The answer must consist only of the lines in the records below from the line with "Kit 4 quadros" to the line with "A festive Christmas", both included, copied word for word with every picture left out.

**Given data**
-------

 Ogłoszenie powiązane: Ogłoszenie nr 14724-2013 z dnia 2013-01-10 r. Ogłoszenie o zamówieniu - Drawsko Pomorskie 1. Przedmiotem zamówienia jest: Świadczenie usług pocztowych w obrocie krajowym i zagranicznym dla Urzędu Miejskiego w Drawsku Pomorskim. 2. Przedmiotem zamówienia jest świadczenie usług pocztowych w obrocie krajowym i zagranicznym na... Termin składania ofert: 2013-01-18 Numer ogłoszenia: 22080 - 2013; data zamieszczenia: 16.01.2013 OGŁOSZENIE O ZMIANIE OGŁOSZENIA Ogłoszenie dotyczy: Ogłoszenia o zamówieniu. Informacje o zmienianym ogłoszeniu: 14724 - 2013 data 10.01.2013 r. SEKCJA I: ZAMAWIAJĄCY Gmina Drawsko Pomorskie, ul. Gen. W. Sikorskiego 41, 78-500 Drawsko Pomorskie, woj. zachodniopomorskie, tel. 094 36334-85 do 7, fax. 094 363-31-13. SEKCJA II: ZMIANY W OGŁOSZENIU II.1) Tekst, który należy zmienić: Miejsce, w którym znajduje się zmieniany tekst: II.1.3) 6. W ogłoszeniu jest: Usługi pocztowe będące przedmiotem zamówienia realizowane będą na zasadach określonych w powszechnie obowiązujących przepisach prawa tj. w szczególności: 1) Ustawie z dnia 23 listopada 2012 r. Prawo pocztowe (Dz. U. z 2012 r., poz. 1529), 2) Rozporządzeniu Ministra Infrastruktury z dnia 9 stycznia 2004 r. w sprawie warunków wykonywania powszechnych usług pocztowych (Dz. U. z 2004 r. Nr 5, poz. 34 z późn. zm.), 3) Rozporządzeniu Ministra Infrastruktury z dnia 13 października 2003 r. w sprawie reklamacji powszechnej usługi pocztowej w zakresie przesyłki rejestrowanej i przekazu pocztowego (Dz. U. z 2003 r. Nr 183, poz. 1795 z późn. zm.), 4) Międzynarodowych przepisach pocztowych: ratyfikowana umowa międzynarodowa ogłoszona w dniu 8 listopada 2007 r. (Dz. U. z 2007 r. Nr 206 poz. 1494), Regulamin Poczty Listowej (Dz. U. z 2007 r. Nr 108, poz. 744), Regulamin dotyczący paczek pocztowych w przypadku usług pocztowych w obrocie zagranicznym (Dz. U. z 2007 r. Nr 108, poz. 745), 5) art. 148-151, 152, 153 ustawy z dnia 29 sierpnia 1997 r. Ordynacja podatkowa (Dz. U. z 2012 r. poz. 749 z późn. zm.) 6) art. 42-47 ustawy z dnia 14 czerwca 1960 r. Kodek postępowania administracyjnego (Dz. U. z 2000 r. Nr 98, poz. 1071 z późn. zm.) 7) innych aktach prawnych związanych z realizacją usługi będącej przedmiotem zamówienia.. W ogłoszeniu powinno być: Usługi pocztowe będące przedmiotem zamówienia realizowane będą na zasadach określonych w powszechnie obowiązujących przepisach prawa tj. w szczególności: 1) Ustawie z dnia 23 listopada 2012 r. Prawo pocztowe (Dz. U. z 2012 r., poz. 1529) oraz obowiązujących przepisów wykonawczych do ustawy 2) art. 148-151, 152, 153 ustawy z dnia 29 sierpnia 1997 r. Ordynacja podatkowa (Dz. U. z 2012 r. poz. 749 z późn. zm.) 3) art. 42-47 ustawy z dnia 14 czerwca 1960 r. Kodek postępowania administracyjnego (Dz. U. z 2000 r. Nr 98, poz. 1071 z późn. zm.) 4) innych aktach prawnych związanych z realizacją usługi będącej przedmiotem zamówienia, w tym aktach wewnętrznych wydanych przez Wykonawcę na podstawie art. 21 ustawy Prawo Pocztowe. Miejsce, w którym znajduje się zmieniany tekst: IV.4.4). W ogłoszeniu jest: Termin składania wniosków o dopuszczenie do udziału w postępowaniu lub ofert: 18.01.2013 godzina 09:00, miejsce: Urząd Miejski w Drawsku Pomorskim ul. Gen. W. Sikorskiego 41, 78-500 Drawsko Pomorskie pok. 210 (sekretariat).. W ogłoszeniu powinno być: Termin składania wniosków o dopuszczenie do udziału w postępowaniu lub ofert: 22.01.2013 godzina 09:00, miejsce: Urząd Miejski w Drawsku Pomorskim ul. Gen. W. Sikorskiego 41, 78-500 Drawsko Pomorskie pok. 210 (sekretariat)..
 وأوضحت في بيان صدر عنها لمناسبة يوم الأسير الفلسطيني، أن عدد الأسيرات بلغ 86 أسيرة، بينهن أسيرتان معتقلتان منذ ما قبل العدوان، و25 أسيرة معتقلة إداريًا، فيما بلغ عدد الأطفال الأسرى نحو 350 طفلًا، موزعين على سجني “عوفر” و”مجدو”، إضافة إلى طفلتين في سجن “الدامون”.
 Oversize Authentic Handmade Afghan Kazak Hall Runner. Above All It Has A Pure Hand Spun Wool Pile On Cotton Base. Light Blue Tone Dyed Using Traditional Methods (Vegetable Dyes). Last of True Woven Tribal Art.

-------

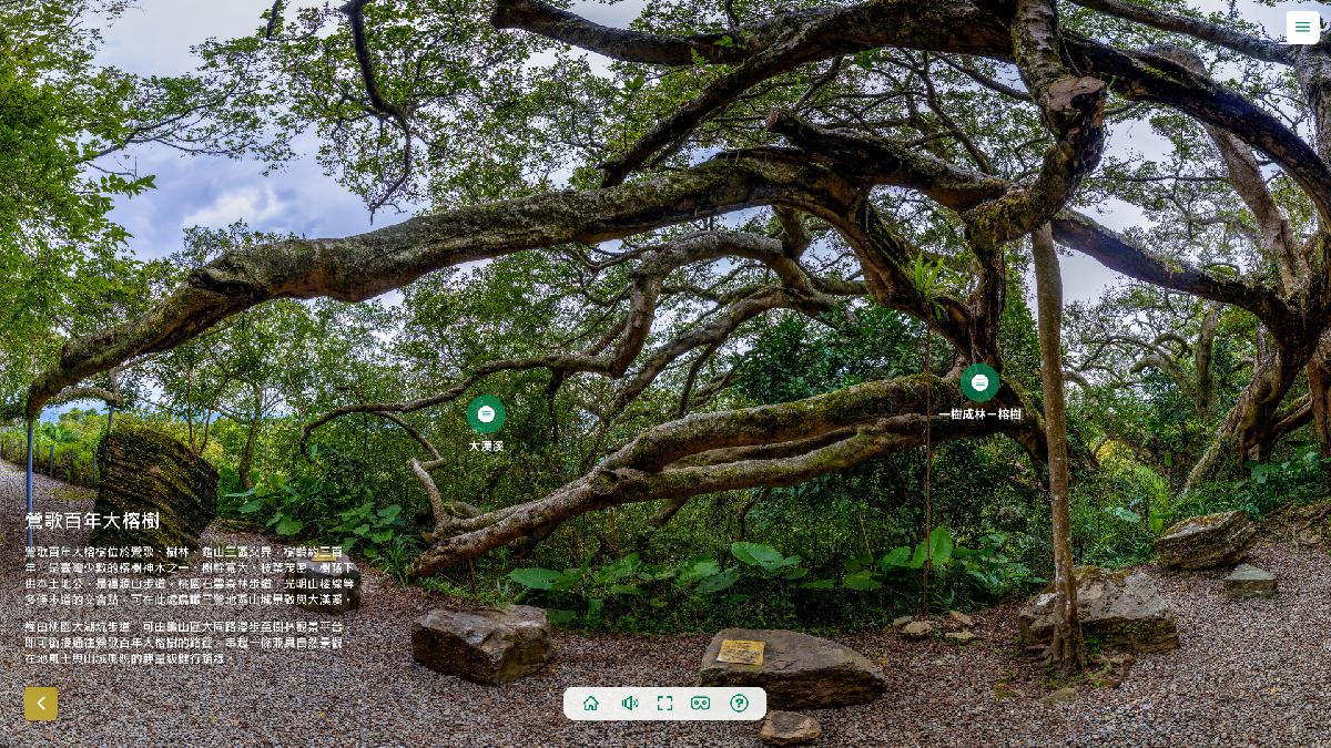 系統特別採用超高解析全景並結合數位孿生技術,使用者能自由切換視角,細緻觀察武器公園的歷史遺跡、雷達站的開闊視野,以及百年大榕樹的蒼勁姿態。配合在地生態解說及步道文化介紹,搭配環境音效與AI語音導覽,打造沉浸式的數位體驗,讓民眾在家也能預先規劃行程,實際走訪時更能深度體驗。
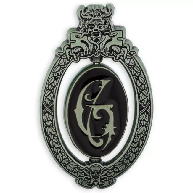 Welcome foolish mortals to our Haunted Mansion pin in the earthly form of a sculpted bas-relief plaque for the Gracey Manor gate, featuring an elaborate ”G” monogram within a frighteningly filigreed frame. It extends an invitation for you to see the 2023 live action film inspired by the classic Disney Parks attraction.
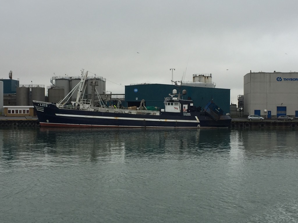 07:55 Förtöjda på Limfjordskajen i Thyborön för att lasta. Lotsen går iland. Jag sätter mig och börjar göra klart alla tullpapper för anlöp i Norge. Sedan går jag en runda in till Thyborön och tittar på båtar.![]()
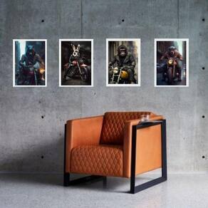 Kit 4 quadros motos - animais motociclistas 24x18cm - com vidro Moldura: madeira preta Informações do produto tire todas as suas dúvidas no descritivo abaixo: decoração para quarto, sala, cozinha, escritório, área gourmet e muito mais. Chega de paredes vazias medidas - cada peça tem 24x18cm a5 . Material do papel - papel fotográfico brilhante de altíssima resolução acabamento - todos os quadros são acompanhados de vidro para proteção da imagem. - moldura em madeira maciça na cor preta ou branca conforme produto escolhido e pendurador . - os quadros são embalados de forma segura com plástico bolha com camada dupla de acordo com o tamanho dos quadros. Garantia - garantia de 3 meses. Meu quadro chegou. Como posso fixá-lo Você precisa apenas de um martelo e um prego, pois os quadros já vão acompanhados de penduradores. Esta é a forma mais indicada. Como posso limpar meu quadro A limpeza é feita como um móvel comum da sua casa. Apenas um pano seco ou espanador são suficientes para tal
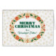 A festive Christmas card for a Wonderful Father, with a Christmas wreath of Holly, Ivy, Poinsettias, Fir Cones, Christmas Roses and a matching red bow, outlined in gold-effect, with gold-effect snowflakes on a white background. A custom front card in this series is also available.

-------

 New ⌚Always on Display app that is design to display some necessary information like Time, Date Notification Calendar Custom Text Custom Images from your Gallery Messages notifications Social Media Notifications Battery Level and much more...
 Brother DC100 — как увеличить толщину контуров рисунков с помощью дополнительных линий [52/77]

-------

**Output for this task**
 Kit 4 quadros motos - animais motociclistas 24x18cm - com vidro Moldura: madeira preta Informações do produto tire todas as suas dúvidas no descritivo abaixo: decoração para quarto, sala, cozinha, escritório, área gourmet e muito mais. Chega de paredes vazias medidas - cada peça tem 24x18cm a5 . Material do papel - papel fotográfico brilhante de altíssima resolução acabamento - todos os quadros são acompanhados de vidro para proteção da imagem. - moldura em madeira maciça na cor preta ou branca conforme produto escolhido e pendurador . - os quadros são embalados de forma segura com plástico bolha com camada dupla de acordo com o tamanho dos quadros. Garantia - garantia de 3 meses. Meu quadro chegou. Como posso fixá-lo Você precisa apenas de um martelo e um prego, pois os quadros já vão acompanhados de penduradores. Esta é a forma mais indicada. Como posso limpar meu quadro A limpeza é feita como um móvel comum da sua casa. Apenas um pano seco ou espanador são suficientes para tal
 A festive Christmas card for a Wonderful Father, with a Christmas wreath of Holly, Ivy, Poinsettias, Fir Cones, Christmas Roses and a matching red bow, outlined in gold-effect, with gold-effect snowflakes on a white background. A custom front card in this series is also available.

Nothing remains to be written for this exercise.